Problem requirements:
From the top of the records below, return each line exactly, ending with the line that contains "이렇게 좌측 열에 이미".
Working data START
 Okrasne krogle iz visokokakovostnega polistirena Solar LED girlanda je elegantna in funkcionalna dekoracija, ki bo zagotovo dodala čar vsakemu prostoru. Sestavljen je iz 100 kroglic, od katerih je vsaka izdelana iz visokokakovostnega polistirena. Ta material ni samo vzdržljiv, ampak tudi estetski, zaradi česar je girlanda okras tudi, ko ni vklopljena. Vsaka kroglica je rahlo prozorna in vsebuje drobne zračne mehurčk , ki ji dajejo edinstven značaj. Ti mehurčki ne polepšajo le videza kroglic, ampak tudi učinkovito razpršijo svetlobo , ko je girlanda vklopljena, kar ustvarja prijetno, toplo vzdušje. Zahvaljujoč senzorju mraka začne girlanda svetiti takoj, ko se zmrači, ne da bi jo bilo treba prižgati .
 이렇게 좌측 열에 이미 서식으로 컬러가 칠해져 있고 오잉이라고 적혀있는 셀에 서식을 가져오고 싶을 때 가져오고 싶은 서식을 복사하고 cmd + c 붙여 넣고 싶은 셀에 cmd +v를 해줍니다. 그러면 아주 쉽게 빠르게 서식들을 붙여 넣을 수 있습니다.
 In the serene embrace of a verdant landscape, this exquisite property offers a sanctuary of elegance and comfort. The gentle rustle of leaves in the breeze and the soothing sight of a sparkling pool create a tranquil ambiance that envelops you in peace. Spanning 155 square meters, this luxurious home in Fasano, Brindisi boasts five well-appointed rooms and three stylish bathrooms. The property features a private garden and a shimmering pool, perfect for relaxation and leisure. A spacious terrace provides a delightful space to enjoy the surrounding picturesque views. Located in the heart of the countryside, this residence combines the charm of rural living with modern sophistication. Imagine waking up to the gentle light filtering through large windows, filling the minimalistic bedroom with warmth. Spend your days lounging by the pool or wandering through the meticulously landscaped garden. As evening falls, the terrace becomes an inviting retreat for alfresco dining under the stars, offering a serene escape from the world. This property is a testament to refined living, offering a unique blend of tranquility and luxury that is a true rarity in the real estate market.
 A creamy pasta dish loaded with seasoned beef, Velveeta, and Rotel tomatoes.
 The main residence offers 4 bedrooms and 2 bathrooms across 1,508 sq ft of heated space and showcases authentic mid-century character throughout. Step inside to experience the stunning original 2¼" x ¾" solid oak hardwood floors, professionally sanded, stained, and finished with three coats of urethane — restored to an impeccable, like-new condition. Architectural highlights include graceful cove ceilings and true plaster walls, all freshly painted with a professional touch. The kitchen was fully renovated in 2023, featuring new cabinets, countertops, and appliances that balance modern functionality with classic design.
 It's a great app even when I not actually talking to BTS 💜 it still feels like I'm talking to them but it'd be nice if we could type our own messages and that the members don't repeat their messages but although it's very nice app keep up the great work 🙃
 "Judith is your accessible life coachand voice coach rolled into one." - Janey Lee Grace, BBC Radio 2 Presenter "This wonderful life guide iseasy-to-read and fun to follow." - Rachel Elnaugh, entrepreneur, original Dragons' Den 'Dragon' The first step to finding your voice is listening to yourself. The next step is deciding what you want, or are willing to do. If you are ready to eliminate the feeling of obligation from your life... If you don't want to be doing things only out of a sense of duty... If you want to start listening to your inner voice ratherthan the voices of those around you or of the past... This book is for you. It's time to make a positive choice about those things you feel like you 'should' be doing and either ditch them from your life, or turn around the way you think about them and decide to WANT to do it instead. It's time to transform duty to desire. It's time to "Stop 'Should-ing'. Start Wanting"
Working data END
Result for this task:
 Okrasne krogle iz visokokakovostnega polistirena Solar LED girlanda je elegantna in funkcionalna dekoracija, ki bo zagotovo dodala čar vsakemu prostoru. Sestavljen je iz 100 kroglic, od katerih je vsaka izdelana iz visokokakovostnega polistirena. Ta material ni samo vzdržljiv, ampak tudi estetski, zaradi česar je girlanda okras tudi, ko ni vklopljena. Vsaka kroglica je rahlo prozorna in vsebuje drobne zračne mehurčk , ki ji dajejo edinstven značaj. Ti mehurčki ne polepšajo le videza kroglic, ampak tudi učinkovito razpršijo svetlobo , ko je girlanda vklopljena, kar ustvarja prijetno, toplo vzdušje. Zahvaljujoč senzorju mraka začne girlanda svetiti takoj, ko se zmrači, ne da bi jo bilo treba prižgati .
 이렇게 좌측 열에 이미 서식으로 컬러가 칠해져 있고 오잉이라고 적혀있는 셀에 서식을 가져오고 싶을 때 가져오고 싶은 서식을 복사하고 cmd + c 붙여 넣고 싶은 셀에 cmd +v를 해줍니다. 그러면 아주 쉽게 빠르게 서식들을 붙여 넣을 수 있습니다.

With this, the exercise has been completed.